My dump2asc (Dump-to-ASCII) program is functioning much better now. It translates a tokenized Basic file to a text version (in ASCII). Recently I added the functionality to convert the file with a variety of tokenizations (GW-Basic isn’t the only version) defined mostly by the Tokenized Basic pages at the FileFormats archive. Also added a function to check a tokenized source file against all the known tokenizations with a single invocation and reporting the number of errors for each. This give the user the ability to figure out the tokenization of a file without checking laboriously against each available tokenization.

I just tripped across a tokenized file (programs/launch.bas in the source archive above) that had 0x1D (float) tokenized real numbers and was able to create, and test the code, to translate these to their correct value in the output source. I’ve also implemented (not tested) code for the 0x1F (double) conversion but I don’t have any tokenized files that include those tokens. Please if anybody has tokenized files that you can supply me with to test my de-tokenization with please pass them on to me at NonAligned.Games@gmail.com and I’ll send back the translated copy. So far I’ve been able to test with:

TRS-80 Level II BASIC tokenized file, and
GW-BASIC tokenized file (or BASICA)

The list of tokenizations that my program should handle (pending testing) are:

amos – [F] AMOS BASIC tokenized file
apfb – [F] APImagination Machine BASIC tokenized file
apfi – APF Imagination Machine BASIC tokenized file
apib – Apple Integer BASIC tokenized file
apsb – Applesoft BASIC tokenized file
atar – [F] Atari BASIC tokenized file
basx – Unknown XBasic with first byte 0x42
basy – Unknown YBasic with first byte 0x42
bbcb – [F] BBC BASIC tokenized file
cceb – [F] CCE MC-1000 BASIC tokenized file
cole – Coleco ADAM SmartBASIC tokenized file
comm – Commodore BASIC tokenized file
comp – Compucolor BASIC tokenized file
exid – Exidy Sorcerer BASIC tokenized file
gwba – GW-BASIC tokenized file (or BASICA)
gwbp – GW-BASIC tokenized file (or BASICA) protected
gwbu – [F] GW-BASIC tokenized file (or BASICA) unprotected
matt – [F] Mattel Aquarius BASIC tokenized file
mbas – MBASIC tokenized file (Microsoft BASIC for CP/M)
nasc – NASCOM BASIC tokenized file
ohio – Ohio Scientific BASIC tokenized file
sinc – [F] Sinclair BASIC tokenized file (for ZX80, ZX81 and Spectrum)
solb – Sol BASIC tokenized file
sole – Sol BASIC tokenized file
tiba – TI BASIC tokenized file (TI 99/4A)
tibe – TI BASIC tokenized file (TI 99/4A)
tiny – [F] Tiny BASIC tokenized file (ran on KIM-1 and some other early machines)
trs2 – TRS-80 Level II BASIC tokenized file
trsc – TRS-80 Color BASIC tokenized file

The [F] indicates a tokenization to be implemented in the future. The gwbp, gwbu, basx, and basy were tokenizations I developed before I became aware of the FileFormats archive.

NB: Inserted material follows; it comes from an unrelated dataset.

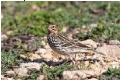
Red-throated Pipit, Paphos Headland, 31 st January.

On another note, I’ve returned to working on my b2c (translates Basic, all flavours, to C) program. I’m a little horrified by some of my design decisions way back then so I’ll be revisiting those. I have been able to get some translated C programs running. The larger programs like Super Star Trek are still causing problems but that will just be a process of debugging all the translation nuances. I’ll start posting some of the translations as they become available.

Some useful links to {Super} Star Trek:

Star Trek (1971 video game) (Wikipedia)
List of Star Trek games (Wikipedia)
Tom Almy’s version
BSD Trek (Github. This appears to be a subset of Tom Almy’s version)

May 03,2022

Managed to get b2c to translate strek2.bas fairly successfully. The C-file compiles and the resulting program runs but has bugs. The compile command is:

g++ -std=c++11 -g -Wno-write-strings strek2.c -o strek2

The 7zip-archive strek2.z7 has five files:

intrinsics.h – The header file that includes all the support routines to implement things like MID$(<str>,<start>,<length>) and other Basic functions.
strek2.bas – The original Basic file.
strek2.c – The translated C file.
strek2.log – The log file from the translation of the Basic program.
strek2.vars – The translation from the mangled variable/function/label names to user-chosen names.